Welcome to the site!


----------



## scrapiron (Aug 18, 2011)

I am near the Cherrydale area, holler if you need any help.


----------



## AmericasBeekeeper (Jan 24, 2010)

Welcome SCB!


----------



## sfisher (Sep 22, 2009)

Hello scbeek, I have a nephew in Anderson that just started keeping bees this year, isnt that close to you?


----------



## SCBeek (Mar 20, 2012)

Yes sir, it isn't but a 20m drive from where I live. He is also close to Clemson University, where they teach how to become a Certified Master Beekeeper. They are also doing a lot of honeybee research at Clemson. He has great resources in his backyard.


----------



## beecole (Nov 25, 2011)

Welcome !

I'm in Reidville. Glad to have you join the fun.


----------



## Adam Westbury (Apr 24, 2012)

SCBeek said:


> Yes sir, it isn't but a 20m drive from where I live. He is also close to Clemson University, where they teach how to become a Certified Master Beekeeper. They are also doing a lot of honeybee research at Clemson. He has great resources in his backyard.


Hey it's his nephew. Here in Anderson, I didn't know Clemson had a class. There is some beginner's bee keepers doing a class in Anderson but it's just informative not for any certification or anything. I will look it up in Clemson and see what the deal is!
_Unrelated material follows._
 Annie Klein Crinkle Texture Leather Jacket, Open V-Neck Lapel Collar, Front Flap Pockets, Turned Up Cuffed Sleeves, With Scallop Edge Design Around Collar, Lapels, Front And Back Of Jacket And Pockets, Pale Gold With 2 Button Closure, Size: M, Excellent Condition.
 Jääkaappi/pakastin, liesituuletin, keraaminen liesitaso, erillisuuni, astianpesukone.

So far my hives are going pretty good.


----------



## SCBeek (Mar 20, 2012)

So here is the link for some information about the classes being given at Clemson. It also has a really nice "fact-sheet" page. I can't find anything else, but it doesn't seem that the classes are being given this summer. Hope this helps Adam and anyone else in the area. 
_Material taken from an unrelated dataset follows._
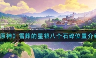 《原神》手游中新版本的武器雪葬的星银如果要获得的话就要收集八个石碑,那么雪葬的星银8个石碑在哪里呢?下面就是3DM小编给大家带来的《原神》雪葬的星银八个石碑位置介绍,感兴趣的小伙伴们赶紧过来看看吧!>>>>>>小编推荐阅读:《原神》2020礼包兑换码大全 《原神》雪葬的星银八个石碑位置介绍第一个石碑、湖中小岛后方的石桥上第二个石碑、在祭祀之匣边上有一个遗迹重机,在其后方便是第二个石碑第三个石碑、七天神像下面一层的密室洞窟中第四个石碑、来到眠龙谷左边的第一个传送点,解开此地的机关后来到下方,便可找到第四个石碑此外,在附近还有着第二个坚冰碎片,找齐附近温暖仙灵后就可以解开屏障。其中有一个温暖仙灵藏在小雪堆中。第五个石碑、星荧洞窟左侧传送点,有这样一个方形场地,破解完机关后,在左下

http://www.clemson.edu/extension/beekeepers/


----------



## cjisler (Feb 5, 2012)

Howdy, scbeek. I'm just a little ways from you in Lyman. Just retired from teaching HS chemistry for 31 years at Byrnes and installed my first two hives on Apr 6. Always wanted bees since watching Papa work them on his dairy down near the Ware Place. I took the sc certification class in Spartanburg this year. Amazing!
Go, Rebels
Carol


----------